### Data section
※
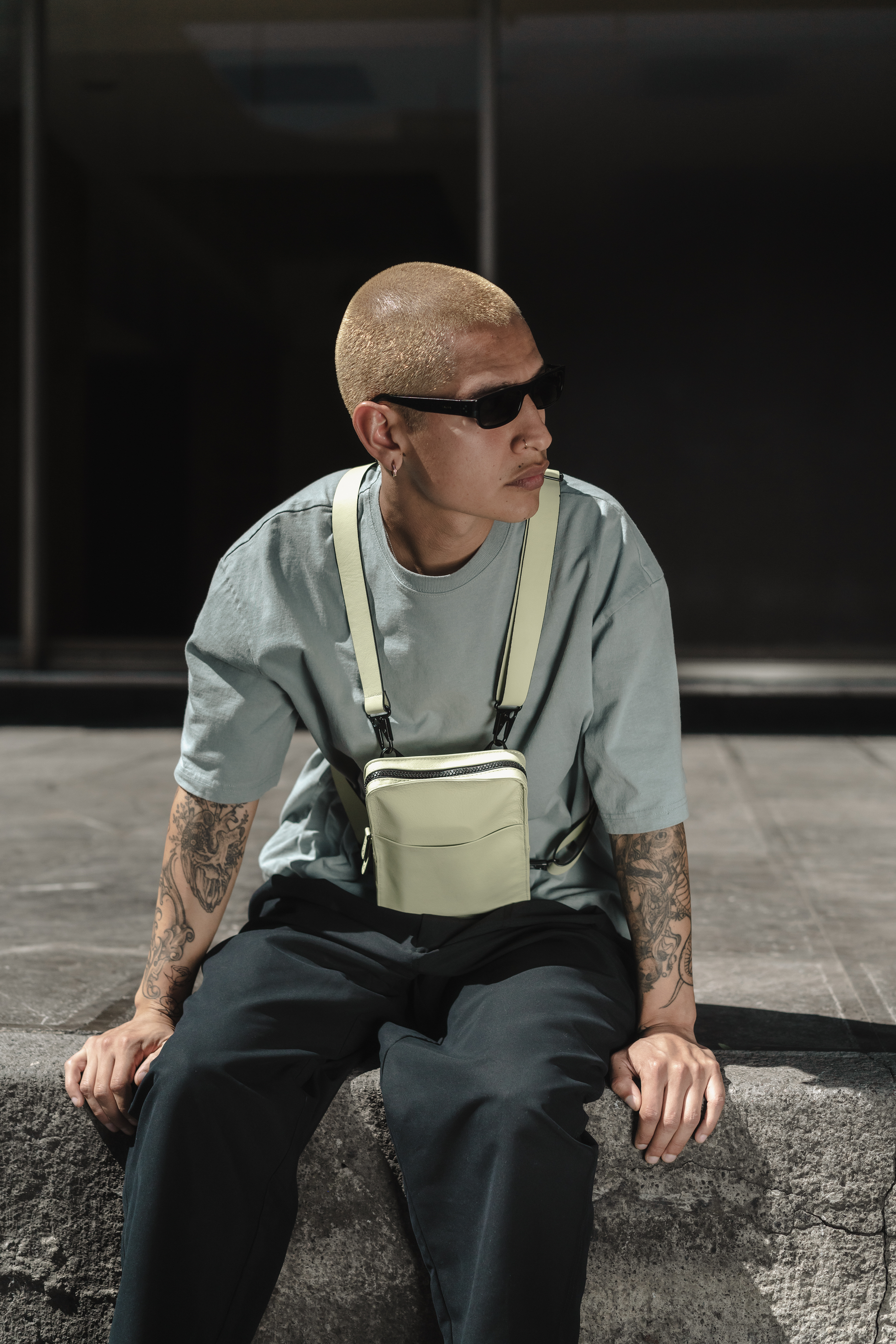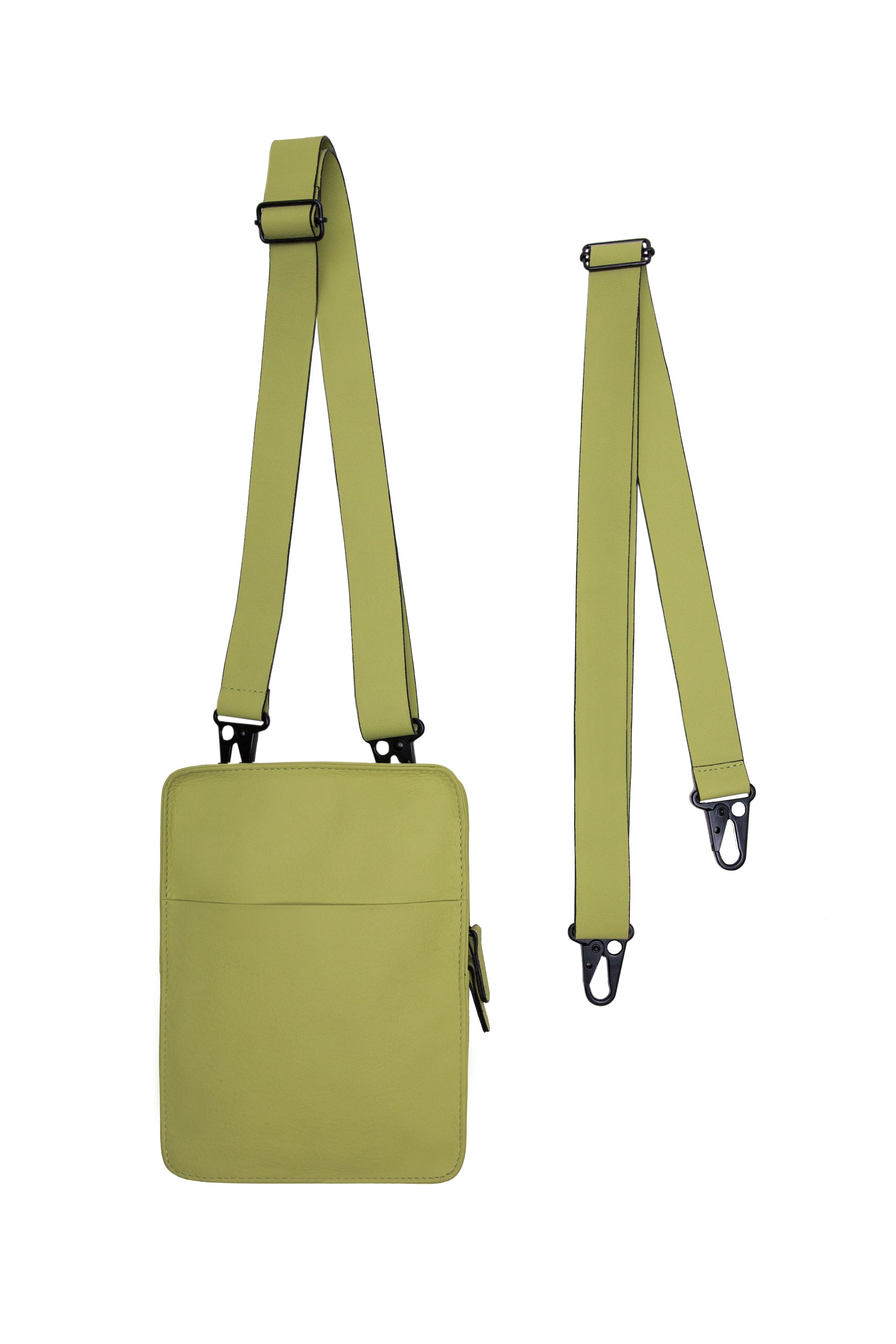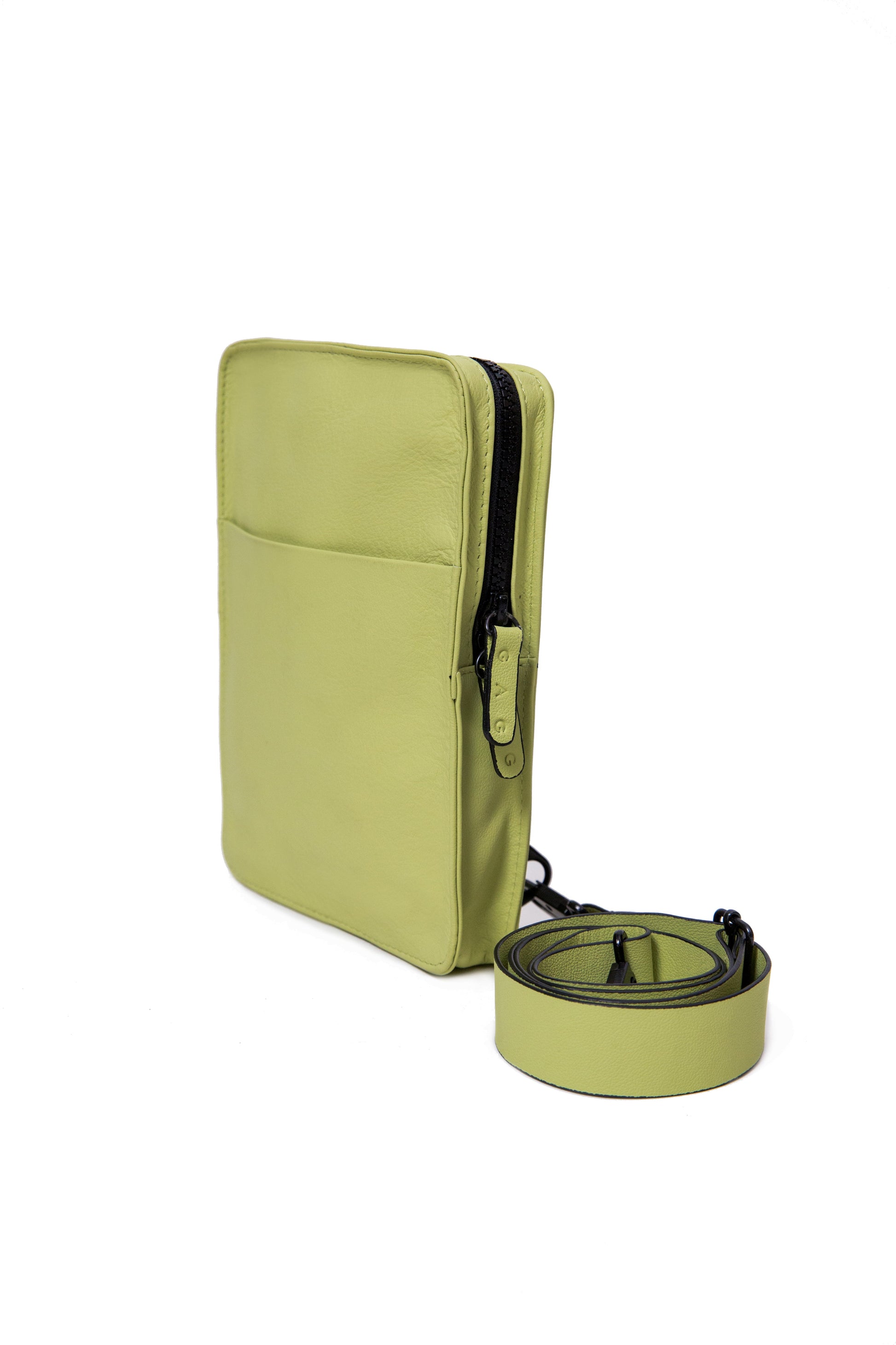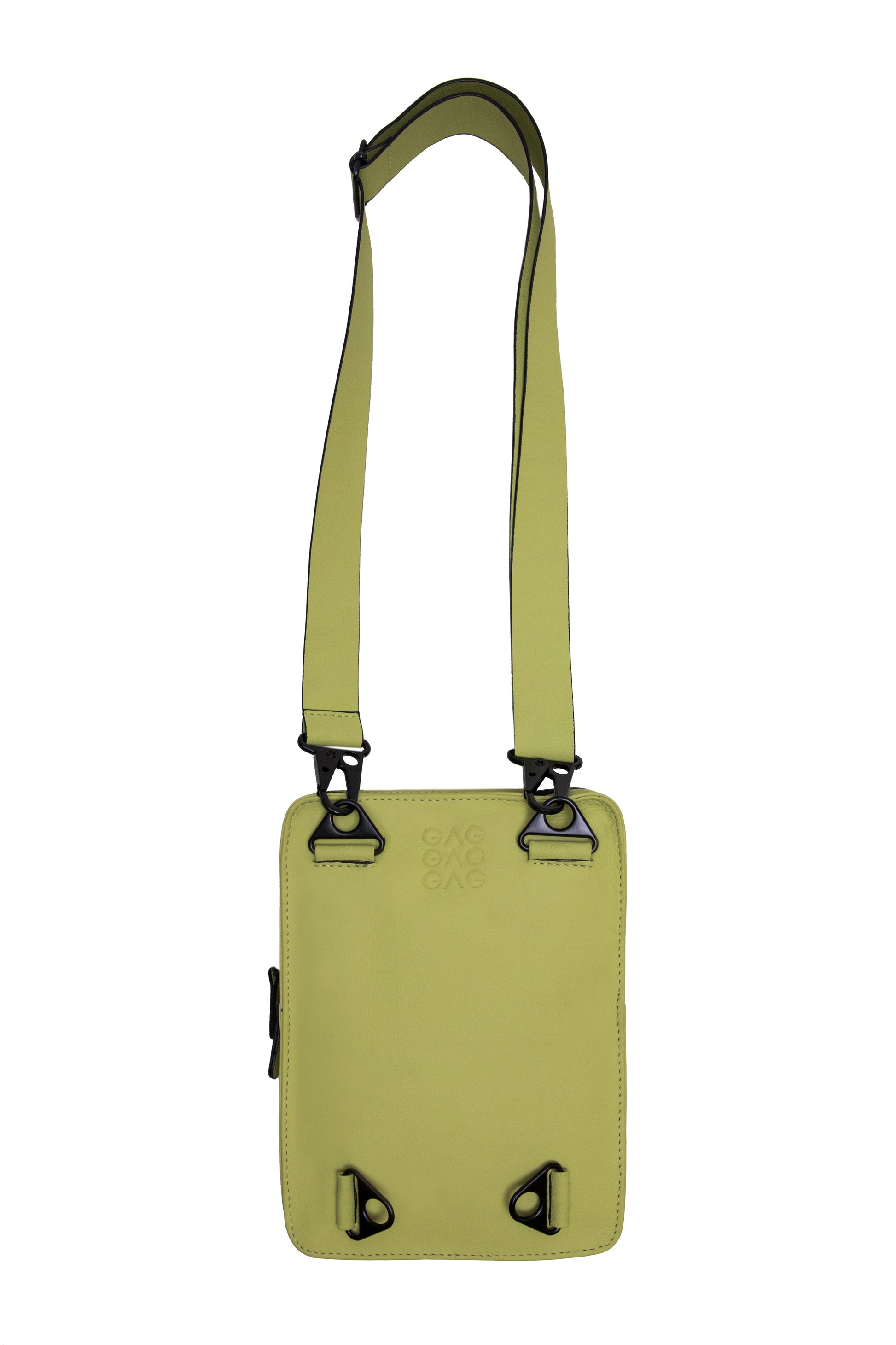 Cangurera rectangular de cuero, cuerpo con zipper y bolsa al frente tipo canguro. Las correas ajustables de forma independiente permiten convertirla en una mochila.
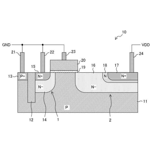 ドライバIC(Integrated Circuit)等の集積回路において、静電気放電(ESD: Electro-Static-Discharge)による過大な入力電圧・電流に対して内部回路を保護するトランジスタ構造の静電気保護素子が用いられている。トランジスタ構造の静電気保護素子においては、ESDサージ印加時に、ドレイン領域における不純物の濃度勾配に応じた電界集中が起こり、格子温度が上昇する。格子温度が過大になると静電気保護素子は破壊に至る。
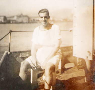 Able Seaman Bert 'Daisy' Bell (left), Bert was a hairdresser aboard the ship. Location and other unknown.
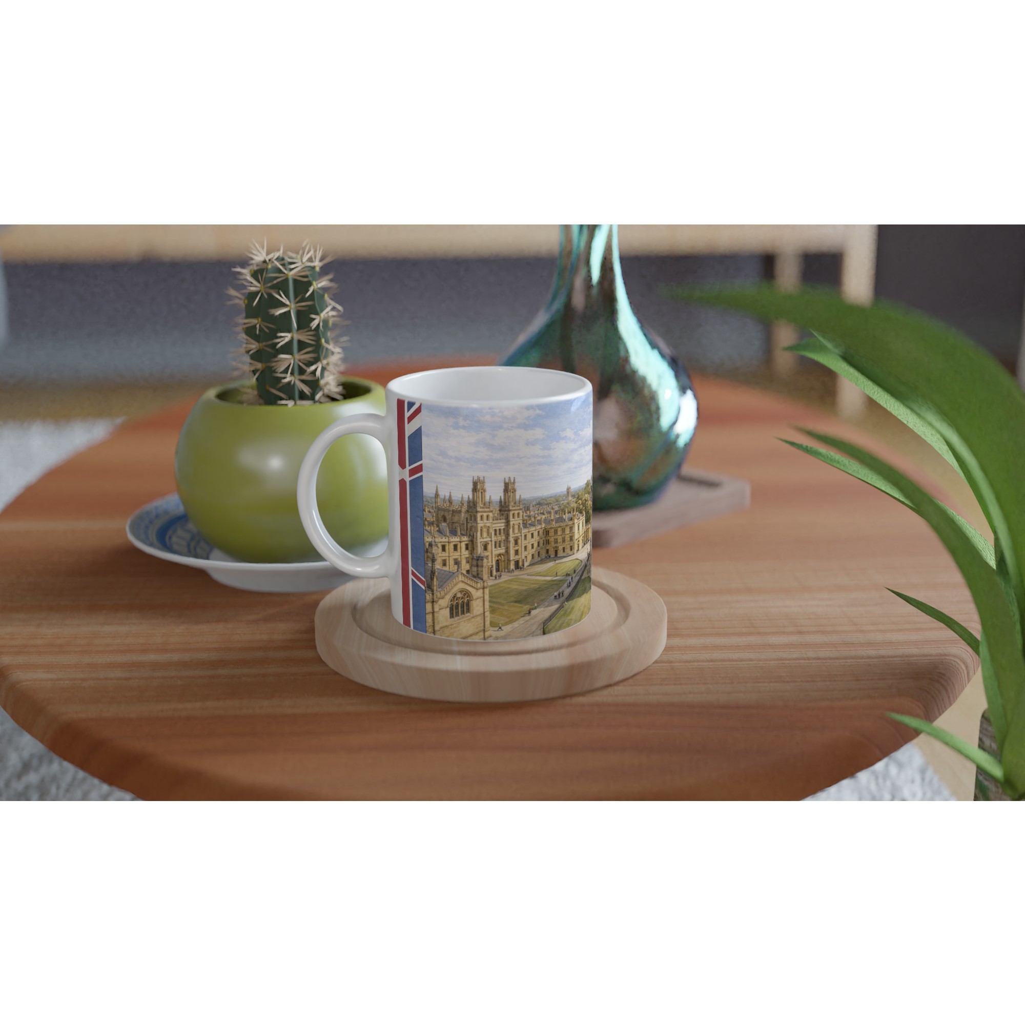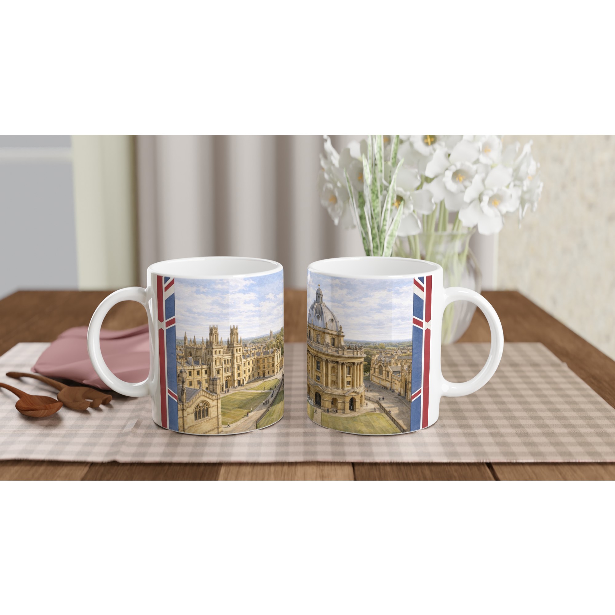 Das Motiv ist rundum sauber auf die Tasse abgestimmt und harmonisch in die Form integriert. Beim Drehen der Tasse entfalten sich Radcliffe Camera, Colleges, Wege und Grünflächen als zusammenhängende kleine Panoramaerzählung.
※
### Task to complete
Skip the images and set down the rest of the data unchanged.

### Your solution
 Cangurera rectangular de cuero, cuerpo con zipper y bolsa al frente tipo canguro. Las correas ajustables de forma independiente permiten convertirla en una mochila.
 ドライバIC(Integrated Circuit)等の集積回路において、静電気放電(ESD: Electro-Static-Discharge)による過大な入力電圧・電流に対して内部回路を保護するトランジスタ構造の静電気保護素子が用いられている。トランジスタ構造の静電気保護素子においては、ESDサージ印加時に、ドレイン領域における不純物の濃度勾配に応じた電界集中が起こり、格子温度が上昇する。格子温度が過大になると静電気保護素子は破壊に至る。
 Able Seaman Bert 'Daisy' Bell (left), Bert was a hairdresser aboard the ship. Location and other unknown.
 Das Motiv ist rundum sauber auf die Tasse abgestimmt und harmonisch in die Form integriert. Beim Drehen der Tasse entfalten sich Radcliffe Camera, Colleges, Wege und Grünflächen als zusammenhängende kleine Panoramaerzählung.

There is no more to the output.